Der zweite Unfall auf der A39

Am Nachmittag spitzte sich die Verkehrslage noch weiter zu: Auch die Autobahn 39 war in der Nähe in Richtung Kassel vorübergehend voll gesperrt. Dort staute sich der Umleitungsverkehr in Höhe von Westerlinde an der Einfahrt in eine Baustelle – denn eine Sperrung gab es nicht nur auf der A7, sondern auch auf der A2 bei Peine.

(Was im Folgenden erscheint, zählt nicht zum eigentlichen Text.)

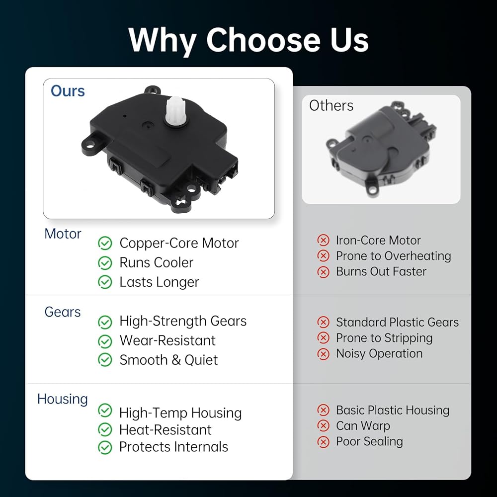Key Function: This HVAC Blend Door Actuator precisely controls the blend door position to regulate hot and cold air flow into your cabin, ensuring accurate temperature based on your settings. It plays an essential role in cabin comfort by responding quickly to climate control adjustments. A faulty actuator can disrupt temperature regulation, making replacement critical for optimal HVAC performance.
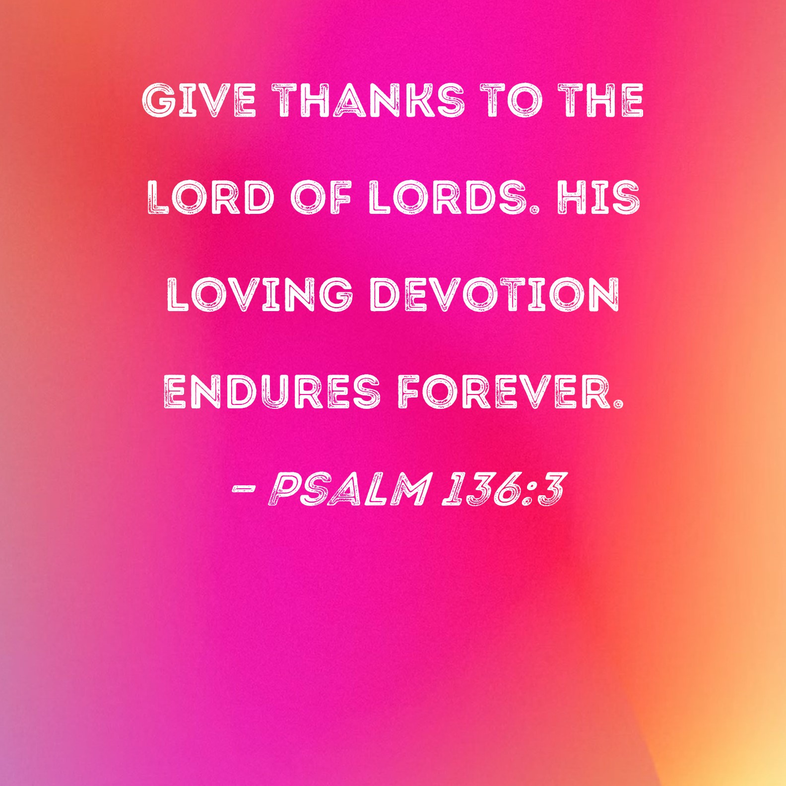 Psalm 136:3 Give thanks to the Lord of lords. His loving devotion endures forever.

Ein 52-jähriger Mann aus Hannover war auf der A39 in einem Mercedes-Sprinter unterwegs. Er übersah allerdings das Stauende und fuhr auf den Kia eines 49-Jährigen aus Holle auf. Dieser Wagen wurde wiederum durch die Wucht des Aufpralls in den BMW eines 58-jährigen Hannoveraners geschoben, in dessen Auto noch eine Beifahrerin saß. Da drei Wagen mit vier Insassen beteiligt waren und zunächst unklar war, wie schwer diese verletzt waren, eilten mehrere Rettungswagen und Ortswehren aus der Umgebung zur Unfallstelle. Auch ein Rettungshubschrauber aus Wolfenbüttel landete mit einem Notarzt auf der inzwischen gesperrten Fahrbahn. Die Verletzungen waren nicht so schwer wie befürchtet, wie sich bei Untersuchungen herausstellte: Alle vier Beteiligten waren nur leicht verletzt und mussten nicht in Krankenhäuser gebracht werden. Sie wurden an der Unfallstelle behandelt. Der Sachschaden liegt nach einer ersten Schätzung der Polizei im unteren fünfstelligen Bereich.